To start you off, here are the adverbs I’ve found most useful in my own learning. How did I come up with these? Well, I’ve been adding them to my own vocabulary lists for some time. They’re amongst the first in my Anki lists whenever I start a new language, and I add them as I go along. As I tag all of my Anki entries with the corresponding parts of speech, I just did a quick search on tag:adverb to bring up a ready-made list!

Tagging a vocab item as an adverb in Anki

Tagging a vocab item as an adverb in Anki

So here they are, in English. Find out the corresponding form in your target language for each one, then add them into your own learning routine.

Adverbs of time

These words crop up in all sorts of conversational topics. Describing routine, habits, hobbies and activities for a start.

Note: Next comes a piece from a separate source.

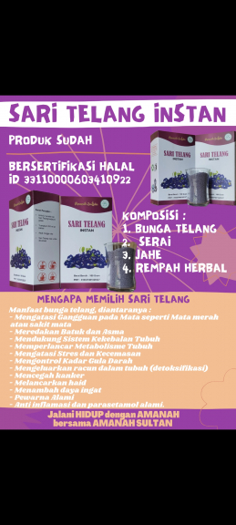 Sari Telang Instan, Minuman Serbuk Instan yang terbuat dari sari bunga Telang dan rempah rempah pilihan. Yang sangat berguna bagi kesehatan

They also support the recounting of stories, which is a key part of everyday chat.

  • always / constantly, usually / normally, often, seldom / rarely, never
  • firstly, then / next, afterwards, then, finally, at last
  • (not) yet, already,
  • right now, immediately, suddenly

Adverbs of likelihood

These words help you to give more nuanced responses than the deadpan yes / no. They also help you to position yourself more subtly when sharing your opinions.

  • definitely, surely
  • probably
  • possibly / maybe
  • actually (in reality)

Adverbs of manner

These general phrases are very handy for describing and comparing ways of doing things. Especially fun when talking about life at home and in your target language country!

  • in the same way
  • thus / so / in this way
  • differently
  • wrong / right (as in ‘I did it wrong / right’)

First the general, later the specifics

Of course, there are countless adverbs with more specific meanings, like slowlyquickly, intelligentlymaliciously and so on. You will pick these up gradually as you learn and practise your language. But the above sets are much more general and universally applicable, regardless of the subject. As such, they make a great target for some preemptive, hackish learning!

Do you have any unmissable words to add to this list? Has pre-targeting particular sets of common words, rather than thematic vocab learning, also helped you prepare for speaking a foreign language? Let us know in the comments!